Stored entries:
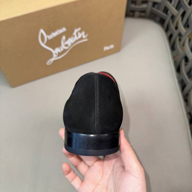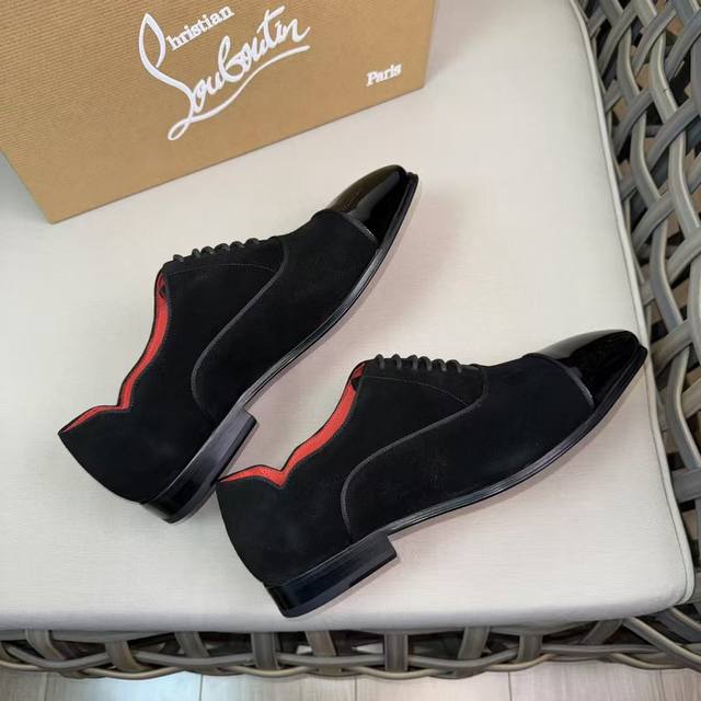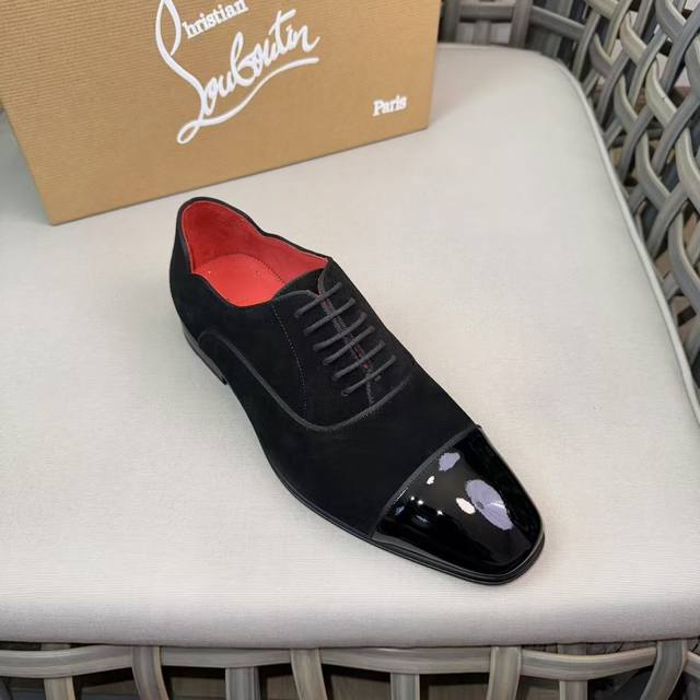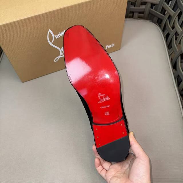 Christia*.Loubouti* High-end men's business formal leather shoes. Classic red sole, original imported top-grain cowhide. Signature rivet decoration. Water-dyed cowhide lining, Italian imported red cowhide outsole. High-end luxury. Perfectly interprets fashion, sunshine, and style, suitable for all occasions. Sizes: 39-44. 38, 45, 46 are made to order. Wholesale: .
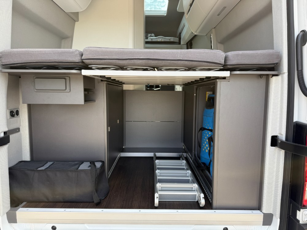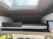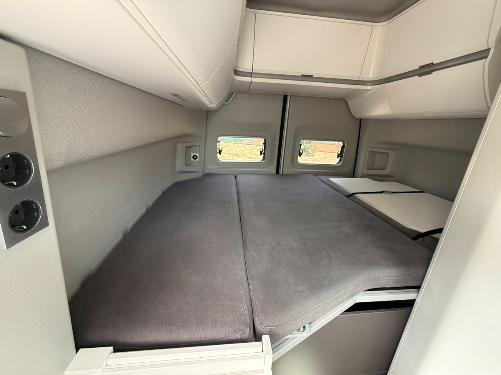 Zadní postel s děleným roštem a plastovými pružinami má rozměry 1930 × 1360 mm (výrobce připouští toleranci cca 3,5 cm). Vyšší osoby nad 185 cm proto musí spát lehce šikmo. Pro větší komfort a délku postele slouží mírná vyboulení v bočních částech vozu. Matrace jsou velmi kvalitní, byť poměrně tvrdé – milovníci měkčího ležení mohou být překvapeni.
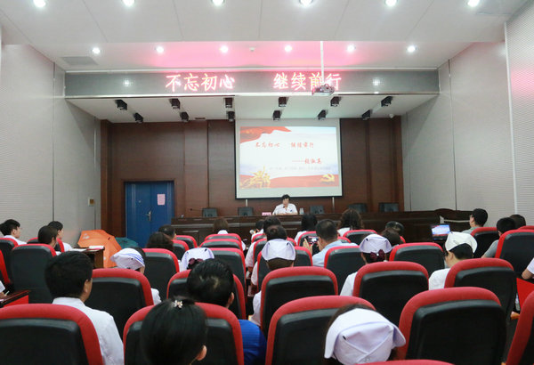 7月4日14时30分,我院千堂党课进支部活动正式拉开帷幕,院长张淑英在临床技能中心一楼多功能厅首先开讲,她以“不忘初心 继续前行”为题,为内科第一、第三党支部和机关第一党支部全体党员作了精彩讲解。
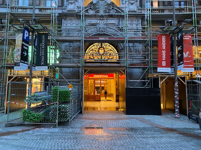 Shopping Stadsfeestzaal at the Meir in Antwerp is under renovation. For six months, the facade will be covered in scaffolding. The shopping center itself remains open.
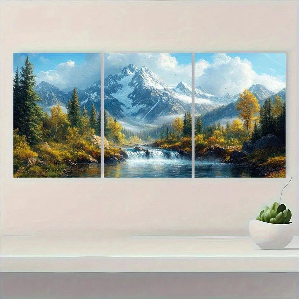 3pcs Mountain & Forest Scene Vibrant Nature Metal Print Ready to Hang Art
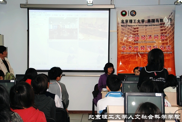 为了创新教学模式,活跃教学气氛,在人文学院各位领导的大力支持下,德赢AC米兰官网人文学院与美国马凯大学的第二次学术视频交流,经过精心的准备,于北京时间4月23日上午9时在中心教学楼501举行。参加此次交流的学生为人文学院经济系部分学生,以及马凯大学国际政治专业的本科学生,活动组织者为经济系宋宪萍博士。交流持续了两个小时,双方主要围绕中美经济形势、奥运经济、次贷危机、美国大选以及同学们关心的日常生活问题进行了交流,双方表达流利,沟通顺畅,交流充分。这次活动增进了两国学生的相互了解和友谊,扩大了同学们的学术视野,取得了圆满成功。会后美方教授来信对中国学生给予了高度评价,称赞中国学生的英语水平很高,思维活跃,学术见解深刻,同时希望两个学校之间能做更进一步的学生互访交流。
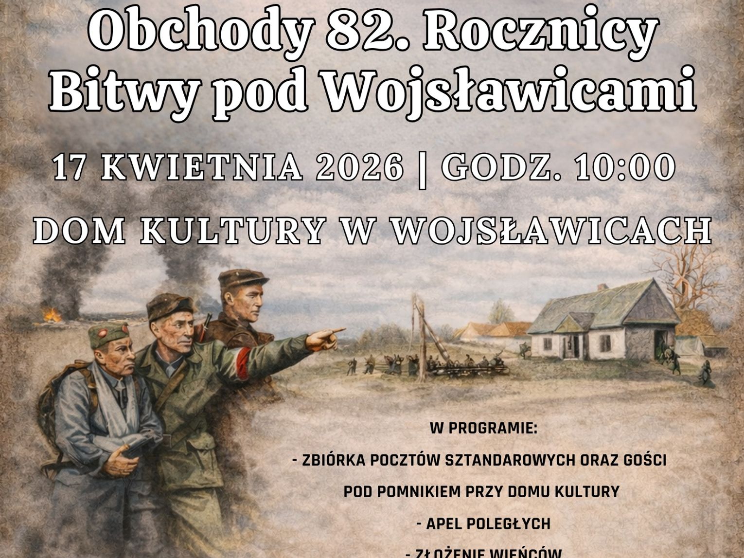 – Przed nami obchody 82. rocznicy bitwy pod Wojsławicami. W program uroczystości, zbiórka pocztów sztandarowych oraz gości pod pomnikiem przy Domu Kultury, apel poległych, złożenie wieńców, a następnie w sali widowiskowej domu kultury wystąpienia okolicznościowe oraz część artystyczna w wykonaniu młodzieży szkolnej. Serdecznie zapraszam, uczcijmy pamięć bohaterów Wojsławic – mówi Bartłomiej Szajner, wójt gminy Wojsławice.

INSTRUCTIONS TO FOLLOW: Look for the line that contains "Shopping Stadsfeestzaal at", then please copy it and the rest of the lines through the end of the data, pictures excluded.

ANSWER SPACE:
 Shopping Stadsfeestzaal at the Meir in Antwerp is under renovation. For six months, the facade will be covered in scaffolding. The shopping center itself remains open.
 3pcs Mountain & Forest Scene Vibrant Nature Metal Print Ready to Hang Art
 为了创新教学模式,活跃教学气氛,在人文学院各位领导的大力支持下,德赢AC米兰官网人文学院与美国马凯大学的第二次学术视频交流,经过精心的准备,于北京时间4月23日上午9时在中心教学楼501举行。参加此次交流的学生为人文学院经济系部分学生,以及马凯大学国际政治专业的本科学生,活动组织者为经济系宋宪萍博士。交流持续了两个小时,双方主要围绕中美经济形势、奥运经济、次贷危机、美国大选以及同学们关心的日常生活问题进行了交流,双方表达流利,沟通顺畅,交流充分。这次活动增进了两国学生的相互了解和友谊,扩大了同学们的学术视野,取得了圆满成功。会后美方教授来信对中国学生给予了高度评价,称赞中国学生的英语水平很高,思维活跃,学术见解深刻,同时希望两个学校之间能做更进一步的学生互访交流。
 – Przed nami obchody 82. rocznicy bitwy pod Wojsławicami. W program uroczystości, zbiórka pocztów sztandarowych oraz gości pod pomnikiem przy Domu Kultury, apel poległych, złożenie wieńców, a następnie w sali widowiskowej domu kultury wystąpienia okolicznościowe oraz część artystyczna w wykonaniu młodzieży szkolnej. Serdecznie zapraszam, uczcijmy pamięć bohaterów Wojsławic – mówi Bartłomiej Szajner, wójt gminy Wojsławice.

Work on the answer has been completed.